Rosa₂ is in the domain of Rosa₁ and is not a pronoun.

theorem Phenomena.Anaphora.Studies.Reinhart1976.paradigm_11b_blocked : corefPermittedAddr true false [Compare.Dir.L] [Compare.Dir.R, Compare.Dir.R, Compare.Dir.L] = false

(11b) She₁ denied that Rosa₂ has met the Shah: coref blocked.

Rosa₂ is in the domain of She₁ and is not a pronoun.

theorem Phenomena.Anaphora.Studies.Reinhart1976.paradigm_11c_permitted : corefPermittedAddr false true [Compare.Dir.L] [Compare.Dir.R, Compare.Dir.R, Compare.Dir.L] = true

(11c) Rosa₁ denied that she₂ has met the Shah: coref permitted.

she₂ is in the domain of Rosa₁ but IS a pronoun.
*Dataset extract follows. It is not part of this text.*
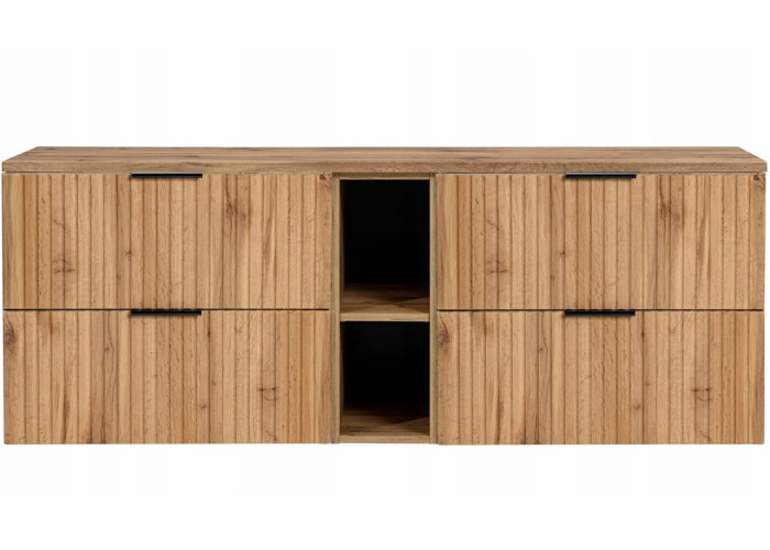 Predstavujeme Vám skrinku pod umývadlo ADEL vo farbe dub wotan, ktorá predstavuje komplexné a praktické riešenie úložného priestoru pre Vašu kúpeľňu. Tento kus kúpeľňového nábytku je navrhnutý s dôrazom na funkčnosť a moderný dizajn, ktorý sa ľahko začlení do rôznych interiérových štýlov a konceptov. Skrinka v šírke 180 cm je zložená zo štyroch častí:

theorem Phenomena.Anaphora.Studies.Reinhart1976.paradigm_11d_permitted : corefPermittedAddr true true [Compare.Dir.L] [Compare.Dir.R, Compare.Dir.R, Compare.Dir.L] = true

(11d) She₁ denied that she₂ has met the Shah: coref permitted.

she₂ is in the domain of She₁ but IS a pronoun.

Restriction (10a) — the pronoun-specific formulation (p. 14)

Two NP's in a non strict reflexive environment can be coreferential just in case one is a pronoun, the other is not and the non-pronoun is not in the domain of the pronoun.

(10a) applies only to pairs consisting of a pronoun and a full NP. It says nothing about pairs of two full NPs or two pronouns.

@cite{reinhart-1976} argues (pp. 14-17) that (10b) is strictly superior: (10a) fails to block coreference between two full NPs when one is in the domain of the other (the (11a) case).

def Phenomena.Anaphora.Studies.Reinhart1976.corefPermitted_10a (isPronA isPronB : Bool) (addrA addrB : Compare.Address) : Bool

Restriction (10a): applies only to pronoun–full NP pairs.

When exactly one NP is a pronoun, the non-pronoun must not be in the c-command domain of the pronoun. When both are pronouns or both are full NPs, (10a) does not apply (returns true).

Equations

• One or more equations did not get rendered due to their size.

theorem Phenomena.Anaphora.Studies.Reinhart1976.restriction_10a_vs_10b : corefPermitted_10a false false [Compare.Dir.L] [Compare.Dir.R, Compare.Dir.R, Compare.Dir.L] = true ∧ corefPermittedAddr false false [Compare.Dir.L] [Compare.Dir.R, Compare.Dir.R, Compare.Dir.L] = false

Non-equivalence of (10a) and (10b): (10a) fails on the (11a) case.

(10a) cannot block coreference between two full NPs (Rosa₁ ... Rosa₂), because (10a) only applies to pronoun–full NP pairs. (10b) correctly blocks it because Rosa₂ is in the domain of Rosa₁ and is not a pronoun.

theorem Phenomena.Anaphora.Studies.Reinhart1976.restriction_10b_subsumes_10a (isPronA isPronB : Bool) (addrA addrB : Compare.Address) : corefPermitted_10a isPronA isPronB addrA addrB = false → corefPermittedAddr isPronA isPronB addrA addrB = false

(10b) subsumes (10a): whenever (10a) blocks coreference, (10b) does too.

The converse fails (as restriction_10a_vs_10b shows), so (10b) is strictly more restrictive than (10a).